- Flag Coat of arms
- Coordinates (Białobrzegi): 51°39′N 20°57′E﻿ / ﻿51.650°N 20.950°E
- Country: Poland
- Voivodeship: Masovian
- County: Białobrzegi
- Seat: Białobrzegi

Area
- • Total: 78.93 km^{2} (30.48 sq mi)

Population (2006)
- • Total: 10,278
- • Density: 130/km^{2} (340/sq mi)
- • Urban: 7,320
- • Rural: 2,958
- Website: http://www.bialobrzegi.pl/

= Gmina Białobrzegi, Masovian Voivodeship =

Gmina Białobrzegi is an urban-rural gmina (administrative district) in Białobrzegi County, Masovian Voivodeship, in east-central Poland. Its seat is the town of Białobrzegi, which lies approximately 63 km south of Warsaw.

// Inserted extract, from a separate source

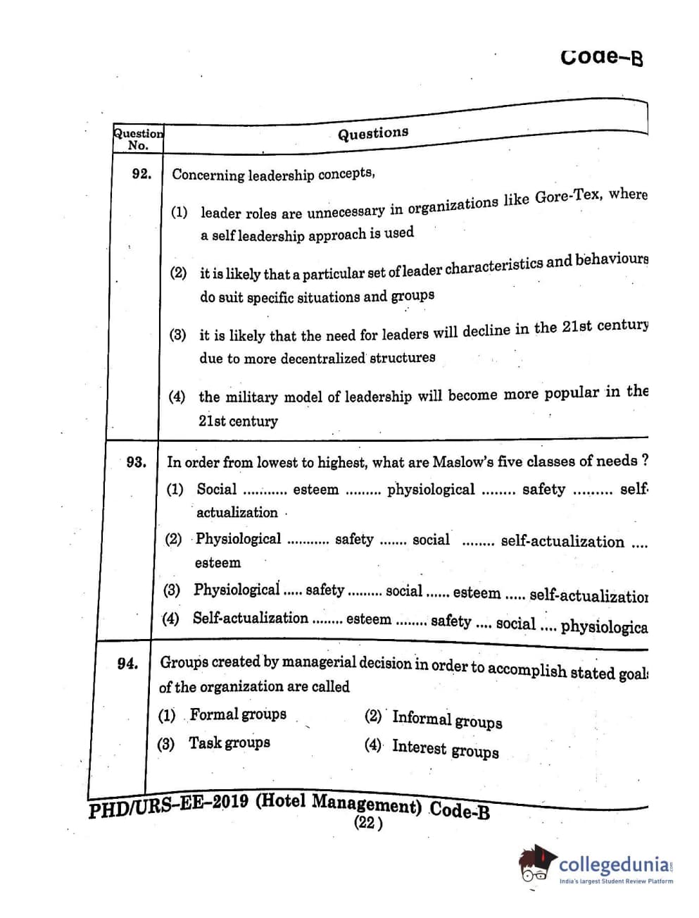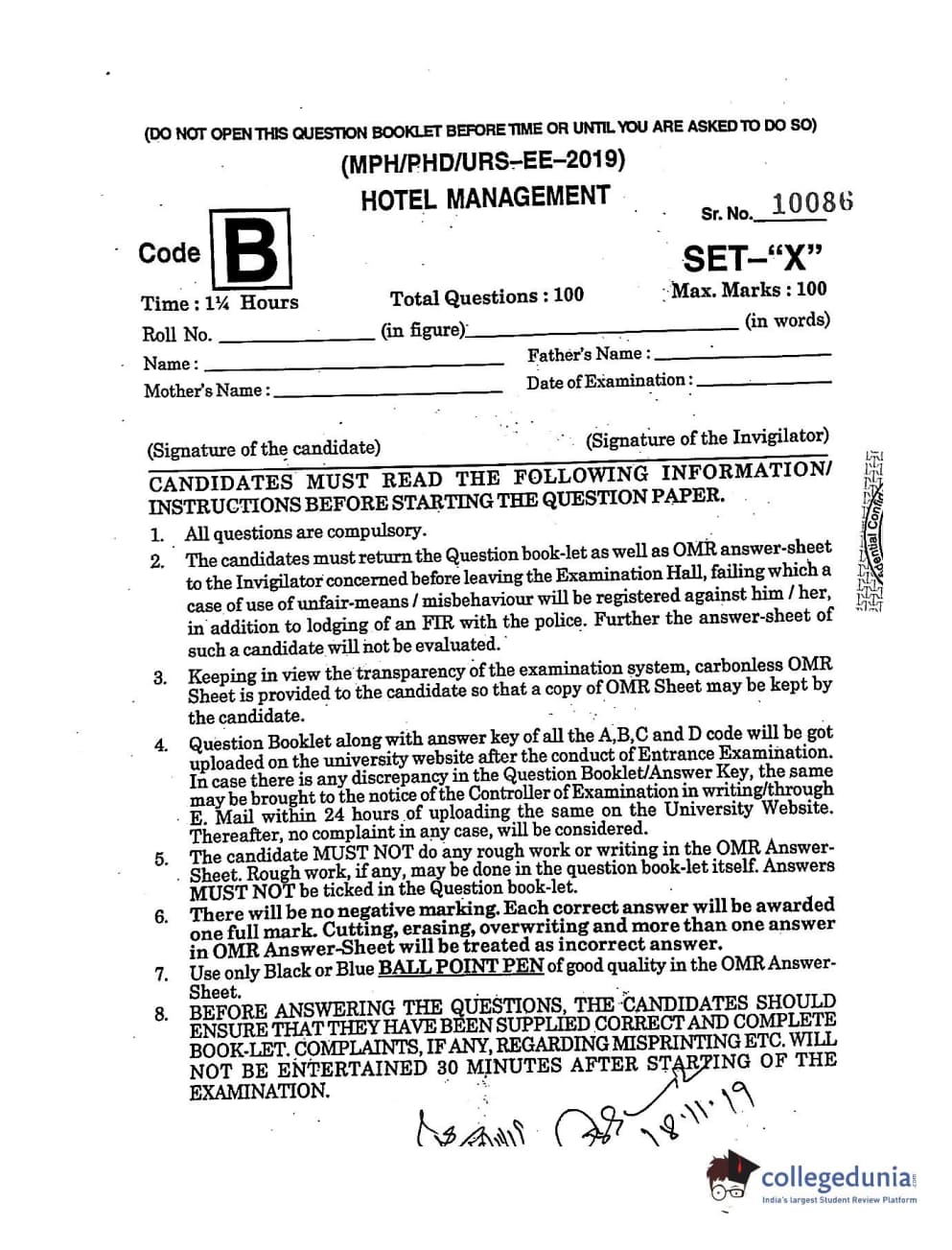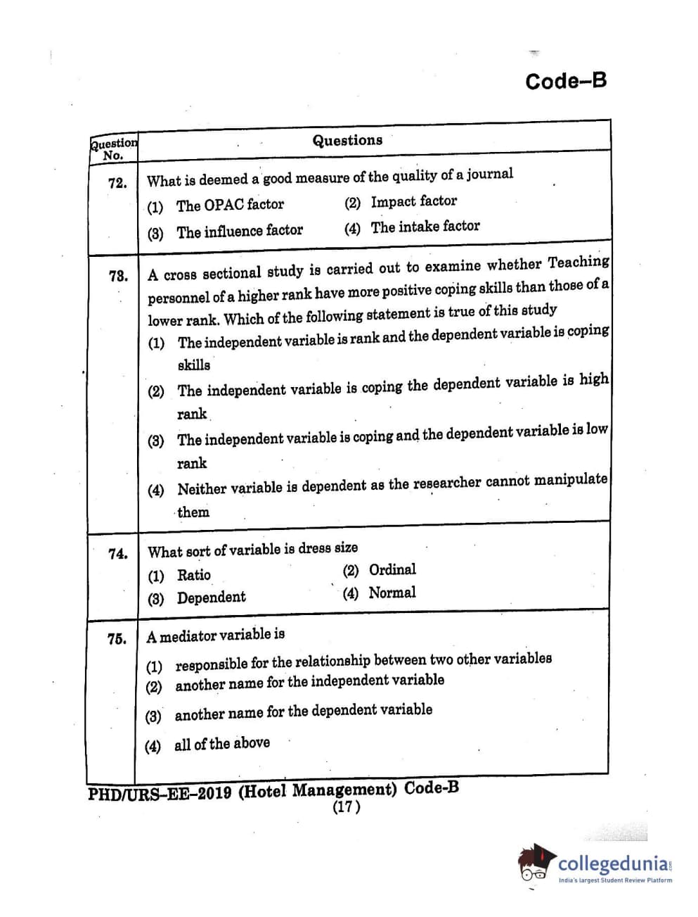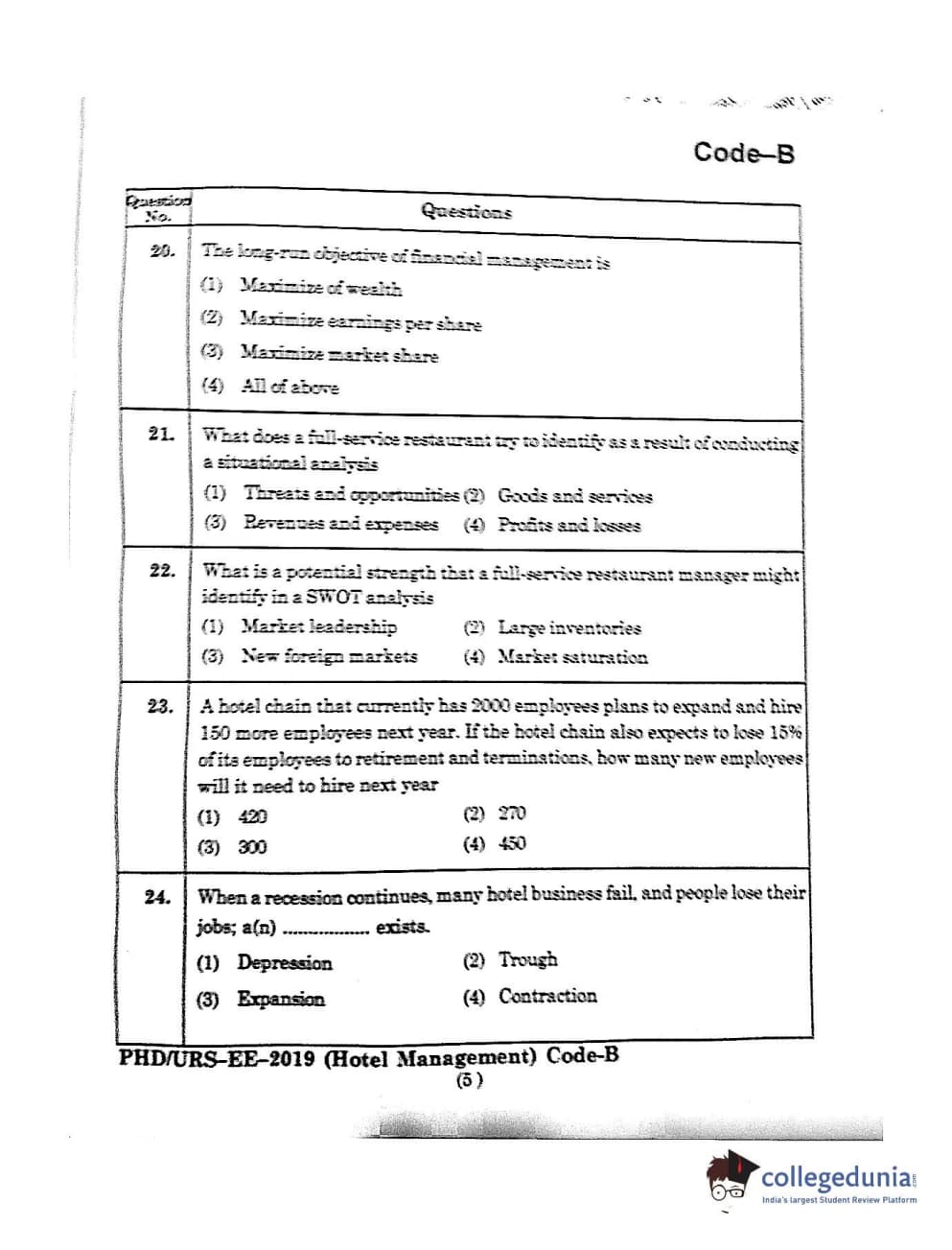 MDUCEE 2019 Ph.D./M.Phil./URS Hotel Management Set B Question Paper with Answer Key PDFs

The gmina covers an area of 78.93 km2, and as of 2006 its total population is 10,278 (out of which the population of Białobrzegi amounts to 7,320, and the population of the rural part of the gmina is 2,958).

==Villages==
Apart from the town of Białobrzegi, Gmina Białobrzegi contains the villages and settlements of Brzeska Wola, Brzeźce, Budy Brankowskie, Dąbrówka, Jasionna, Kamień, Kolonia Brzeźce, Leopoldów, Mikówka, Okrąglik, Pohulanka, Stawiszyn, Sucha, Suski Młynek, Szczyty and Wojciechówka.

==Neighbouring gminas==
Gmina Białobrzegi is bordered by the gminas of Promna, Radzanów, Stara Błotnica, Stromiec, Warka and Wyśmierzyce.